Hyperparameters for Training:
1. Number of Epochs - Iteration times
2. Batch Size - Selection of input data before updation of parameters is based on `batch_size`
3. Learning Rate - How much to update model parameters at each epoch/batch.

In [9]:
learning_rate = 1e-3
batch_size = 64
epochs = 5

## Optimization Loop
Each iteration of training is called the `epoch`.

During each epoch:
1. The Train Loop - Iterate over training dataset and try to converge to optimal parameters
2. The Validation/Test Loop - Iterate over test dataset to check if model performance is improving.

### Loss Function
It measures the degree of dissimilarity between the obtained result and the target value. We want to minimize this. 

Common Loss Functions:
1. `nn.MSELoss` - Mean Squared Error Loss for Regression Tasks
2. `nn.NLLLoss` - Negative Log Likelihood Loss for Classification Tasks
3. `nn.CrossEntropyLoss` - Combination of `nn.Softmax` and `nn.NLLLoss`

In [10]:
loss_fn = nn.CrossEntropyLoss()
loss_fn.to(device)

CrossEntropyLoss()

### Optimizer
Optimization is the process of adjusting model parameters to reduce model error during training steps.  

In [11]:
optimizer = torch.optim.SGD(model.parameters(), lr=learning_rate)

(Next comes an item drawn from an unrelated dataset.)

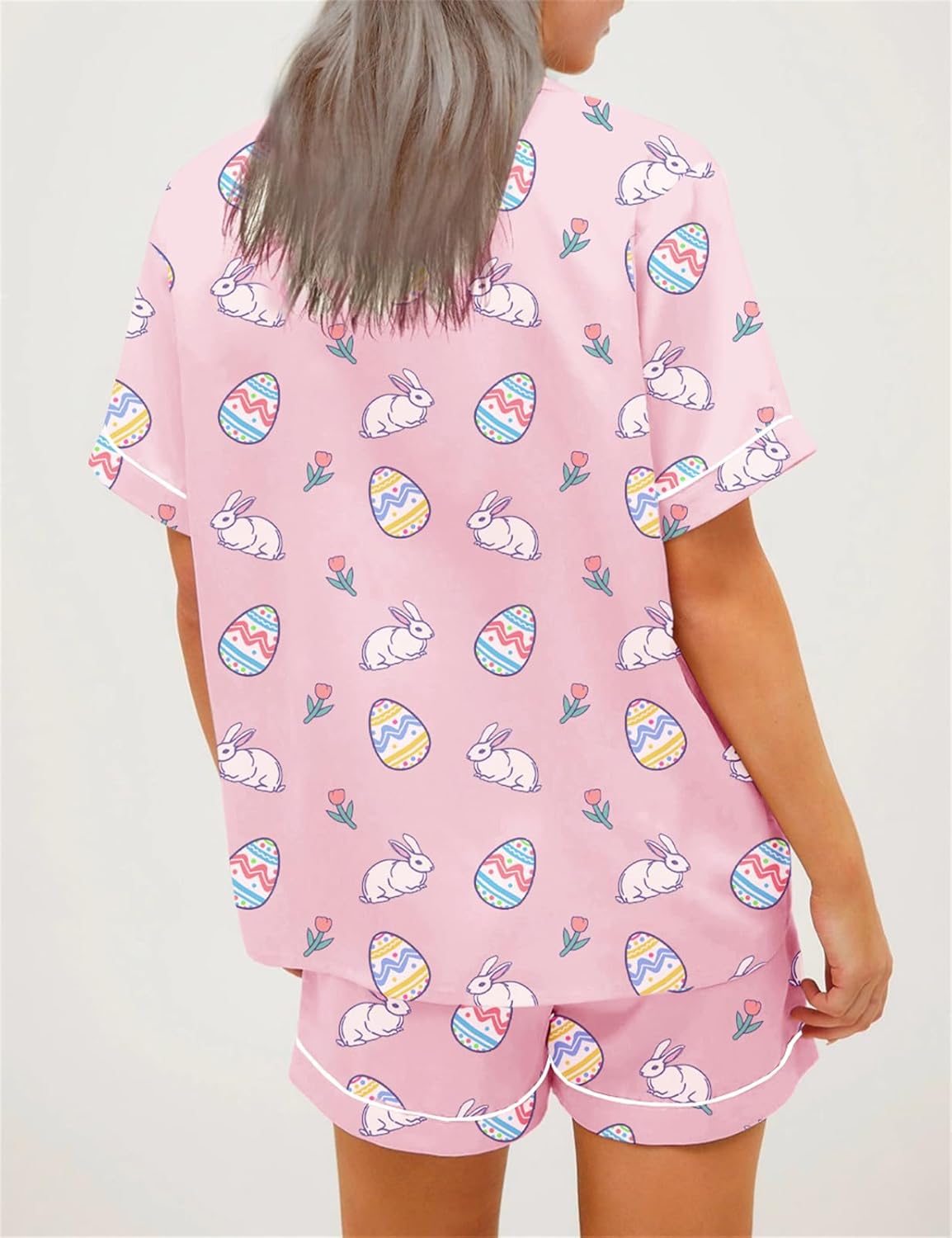 Situation: 100% Model NewMaterial: 100% PolyesterFabric: Silk SatinStyle: Cute, Informal, StylishGender: FemalePattern: Rabbit Print/ Bunny Ears/ Bow/ Colourful Egg/ Coronary heart/ FlowerColor: Grey/ White/ Pink/ Blue/ RedSize: S/ M/ L/ XLFit: Informal Unfastened Match/ OversizedTops Design: Shorts Sleeve Button Up Shirts, Lapel Notch Collar V Neck Shirt TopsBottom Options: Elastic Waist, Large Leg, Excessive Waisted Shorts Lounge Pjs PantsOccasion: Easter, Occasion, Day by day, Dwelling, Lounge, Sleep, Going Out, VacationSeason: Spring, Summer time, Fall

Optimization happens in three steps for each iteration:
1. Calls `optimizer.zero_grad()` - resets all gradients of model parameters to zero, to avoid double-counting.
2. Backpropagate the prediction loss with `loss.backward()`. PyTorch deposits the gradients of the loss with respect to each parameter
3. After getting gradients, we call `optimizer.step()` to adjust parameters by the gradients collected in backward pass.

## Everything Together

In [12]:
def train_loop(dataloader, model, loss_fn, optimizer):
    size = len(dataloader.dataset)
    # Setting the model in train mode - Important for Batch Normalization and Dropout Layers
    model.train()
    for batch, (X,y) in enumerate(dataloader):
        # Calculate Prediction and Loss
        pred = model(X)
        loss = loss_fn(pred, y)
        
        # Backpropagation
        loss.backward()
        optimizer.step()
        optimizer.zero_grad()
        
        if batch %100 == 0:
            loss, current = loss.item(), (batch+1) * len(X)
            print(f"loss: {loss:>7f}  [{current:>5d}/{size:>5d}]")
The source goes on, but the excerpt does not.